### Exercise instructions
Your task is to reproduce the listing exactly, without its images.

### Data shown
= Beginning of Section =

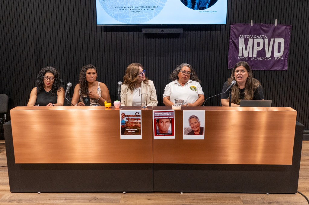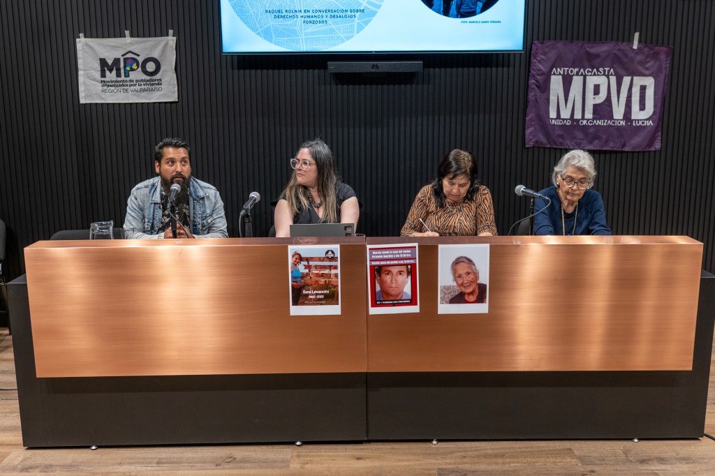 La moderación estuvo a cargo de Verónica Matus, abogada defensora de derechos humanos desde los tiempos de la dictadura, de La Morada, quien hizo ver que en un país con gente sin casa y casas sin gente, desde 2023, el Estado de Chile optó por multiplicar formas de desalojo que, evidentemente, contribuyen a aumentar los problemas habitacionales.
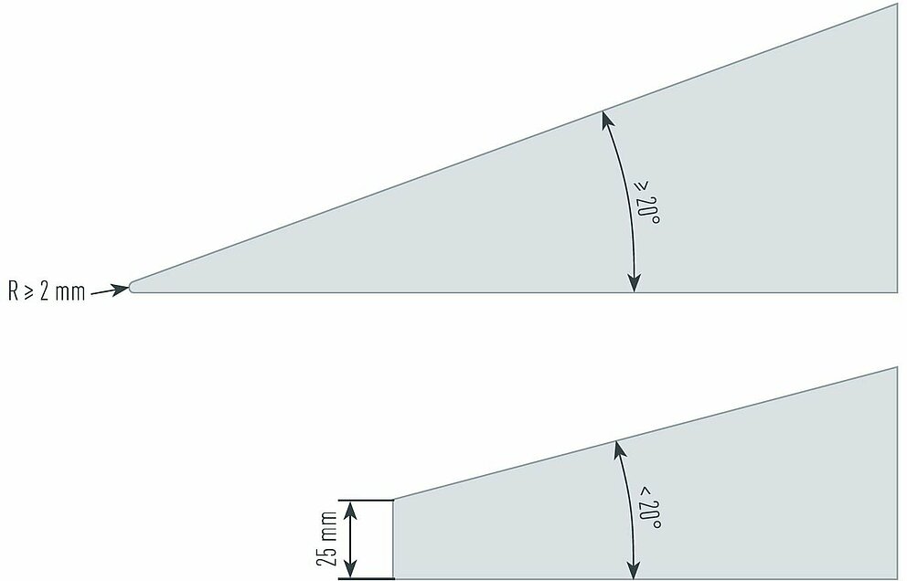 Beachten Sie die Mindestabmessungen und -winkel, die materialtechnisch möglich sind. Spitze Winkel können ab einer Winkelöffnung von 20° gefertigt werden. Liegt die Winkelöffnung unter 20°, muss die Spitze des Winkels mit einem Steg von mindestens 25 mm beendet werden.
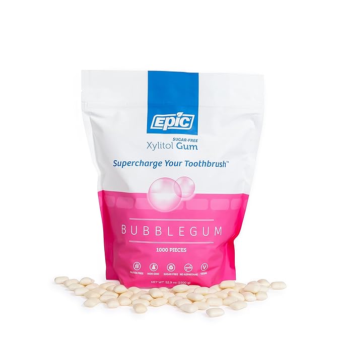 Epic 100% Xylitol Bubblegum Chewing Gum - Sugar Free, Aspartame Free Dental Gum - Supports Oral Health & Fresh Breath - 1000 Pieces

= End of Section =

### Result of this task
 La moderación estuvo a cargo de Verónica Matus, abogada defensora de derechos humanos desde los tiempos de la dictadura, de La Morada, quien hizo ver que en un país con gente sin casa y casas sin gente, desde 2023, el Estado de Chile optó por multiplicar formas de desalojo que, evidentemente, contribuyen a aumentar los problemas habitacionales.
 Beachten Sie die Mindestabmessungen und -winkel, die materialtechnisch möglich sind. Spitze Winkel können ab einer Winkelöffnung von 20° gefertigt werden. Liegt die Winkelöffnung unter 20°, muss die Spitze des Winkels mit einem Steg von mindestens 25 mm beendet werden.
 Epic 100% Xylitol Bubblegum Chewing Gum - Sugar Free, Aspartame Free Dental Gum - Supports Oral Health & Fresh Breath - 1000 Pieces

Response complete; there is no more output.